Optional Stretch: Task 11 — Compare With math/bits.Len Hardware Path¶
Goal. In Go (or Java with Integer.numberOfLeadingZeros), measure the speed difference between: - log-table lookup - bits.Len(uint(L)) - 1 hardware path
On a typical x86 CPU you should see the hardware path slightly faster (single lzcnt vs single memory read). On cold caches the difference is larger because the log table can fall out of L1.
// Microbench harness:
func BenchmarkLogTable(b *testing.B) {
lg := buildLogTable(1 << 20)
var sum int
for i := 0; i < b.N; i++ {
sum += lg[1 + (i & ((1 << 20) - 1))]
}
_ = sum
}
func BenchmarkBitsLen(b *testing.B) {
var sum int
for i := 0; i < b.N; i++ {
sum += bits.Len(uint(1 + (i & ((1 << 20) - 1)))) - 1
}
_ = sum
}
What You Should Be Able to Do After These Tasks¶
- Write a sparse table from scratch in any of Go/Java/Python in under five minutes.

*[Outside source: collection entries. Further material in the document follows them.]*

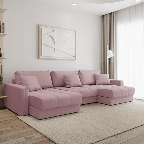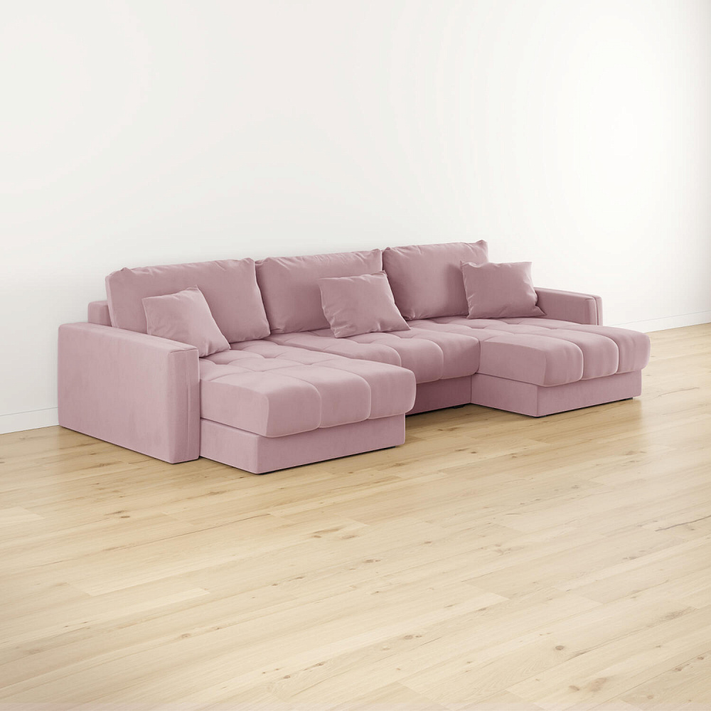 П-образный угловой диван «Дензел» — лучший вариант для ценителей комфорта и удобства в сочетании со стильным дизайном. Диван обладает глубокой посадкой, а приспинные и декоративные подушки позволят создать удобное место для отдыха. Угловая модель с двумя оттоманками займёт своё идеальное место в пространстве комнаты или студии. Спинка модели выполнена в обивочной ткани, что даёт возможность использовать диван для зонирования комнаты.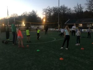 Gisteravond was het zover, de mini’s konden weer gaan trainen! Helaas zijn zaalsporten nog altijd niet toegestaan i.v.m. de coronamaatregelen, maar buiten sporten in teamverband is sinds vorige week voor de jeugd tot 27 jaar wel weer een optie. Minicoördinator Ilse Way: “De mini’s vonden het erg leuk; ze waren blij dat ze weer mochten trainen!”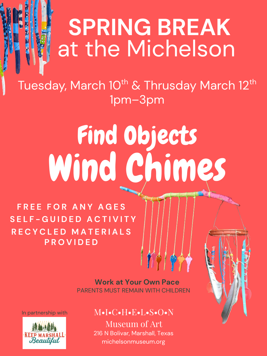Create Find Objects Wind Chimes using recycled materials. Open to all ages and work at your own pace.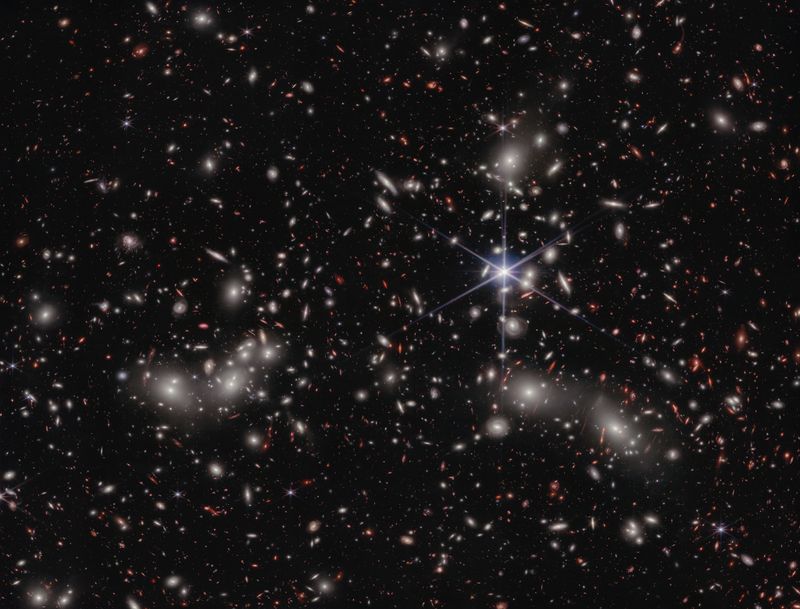 This deep field mosaicked image presents a stunning view of galaxy cluster Abell 2744 recorded by the James Webb Space Telescope's NIRCam. Also dubbed Pandora's Cluster, Abell 2744 itself appears to be a ponderous merger of three different massive galaxy clusters. It lies some 3.5 billion light-years away, toward the constellation Sculptor. Dominated by dark matter, the mega-cluster warps and distorts the fabric of spacetime, gravitationally lensing even more distant objects. Redder than the Pandora cluster galaxies many of the lensed sources are very distant galaxies in the early Universe, their lensed images stretched and distorted into arcs. Of course distinctive diffraction spikes mark foreground Milky Way stars. At the Pandora Cluster's estimated distance this cosmic box spans about 6 million light-years. But don't panic. You can explore the tantalizing region in a 2 minute video tour.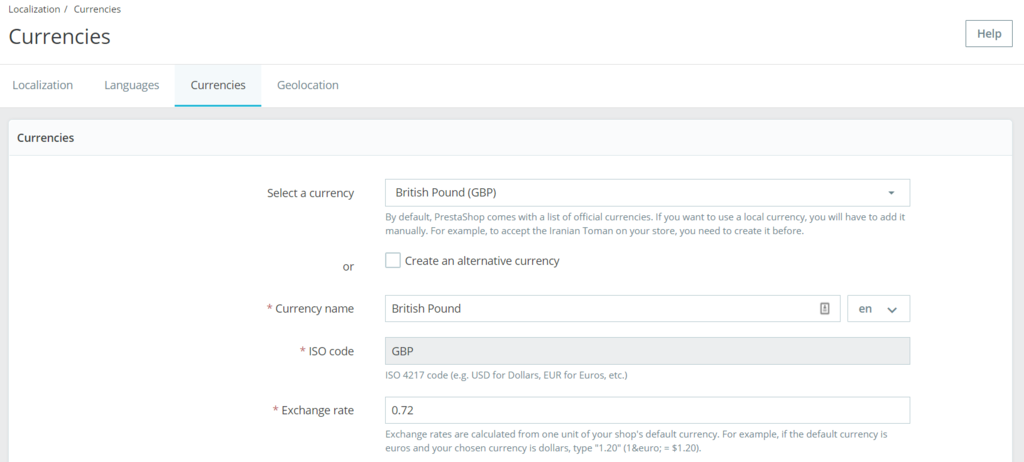 - Choose the currency you want to add and fill in the exchange rate calculated from your current default currency. In this example, we’re adding the British Pound (GBP), while the current default currency is the United States Dollar (USD).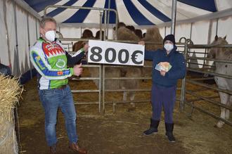 Forchheim (Frankenpedalos). Der Spendenaufruf für den in Forchheim stehenden Zirkus Renz ging auch an den radsportbegeisterten Frankenpedalos nicht unberührt vorüber. Die Anfangsidee, 1 Euro pro gefahrenen Rad-Km zu sammeln, konnte dank positiven Zuspruch der Gruppenmitglieder in eine Sofortspende umgewandelt werden, um den Zirkus mit seinen Tieren möglichst schnell zu unterstützen. Bei der Sammlung unter den Radlern, Bekannten und Freunden kam ein Gesamtbetrag von 800 Euro zusammen, der auch den Zirkustieren zugutekommt, die täglich an der Staustufe im Forchheimer Ortsteil Buckenhofen besucht werden können.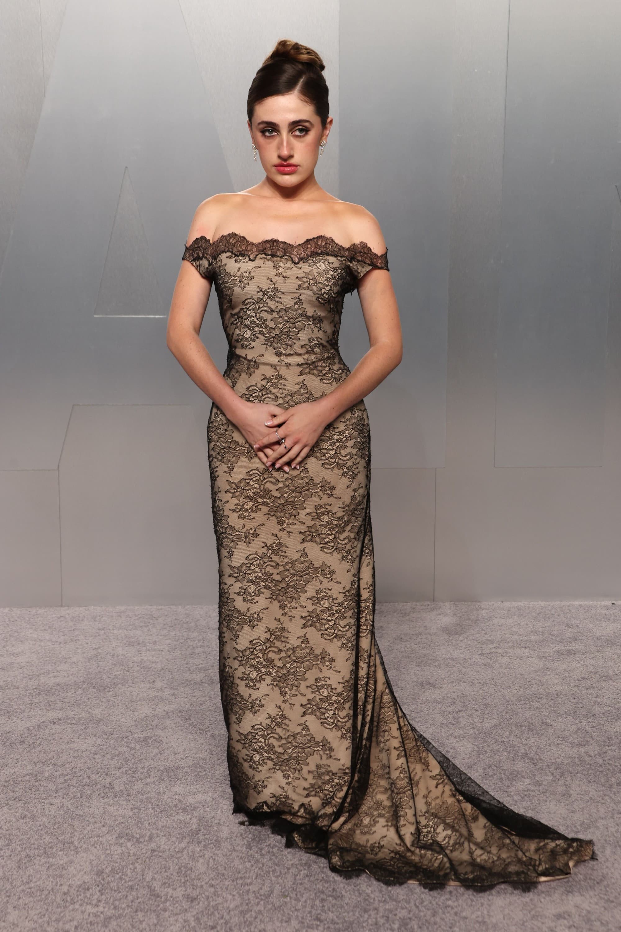 ShutterstockRachel Sennott wore a black lace custom off the shoulder Balenciaga gown with a nude lining.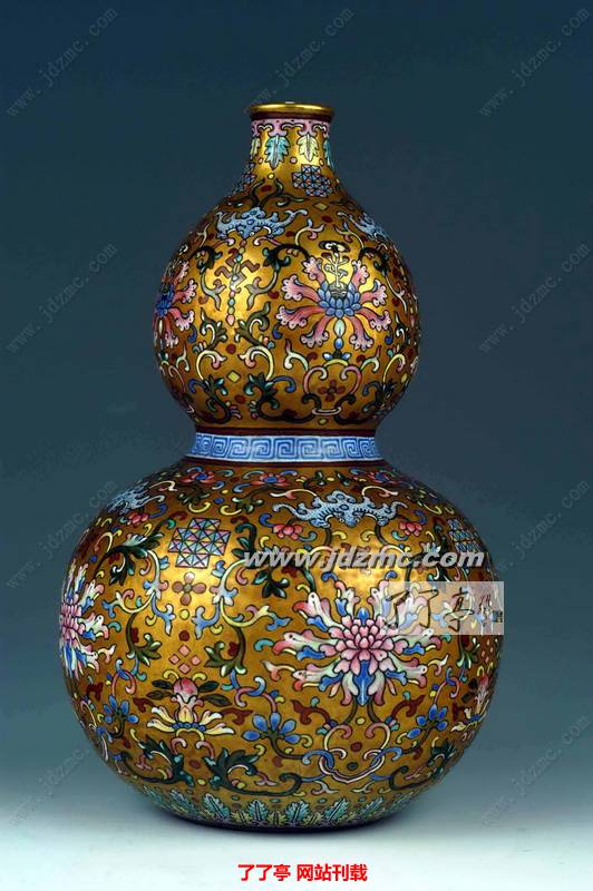 1、清乾隆,粉彩金地缠枝莲葫芦瓶 高22cm 宽13.4cm

- Choose the right structure for any "range query" problem: sparse table, segment tree, Fenwick, prefix sums, or disjoint sparse table.
- Build the Cartesian tree of an array and explain its relationship to RMQ and LCA.
- Construct suffix array, LCP array via Kasai, and answer LCE queries in O(1).
- Benchmark sparse table vs segment tree and explain when each wins.
- Implement 2D and disjoint sparse tables for the less common but still real query types.
Mastery of these tasks puts you in the top percentile for interview competence on range-query problems — and gives you the toolkit used in production by Lucene, BWA, sdsl-lite, and the modern wave of compressed text indexes.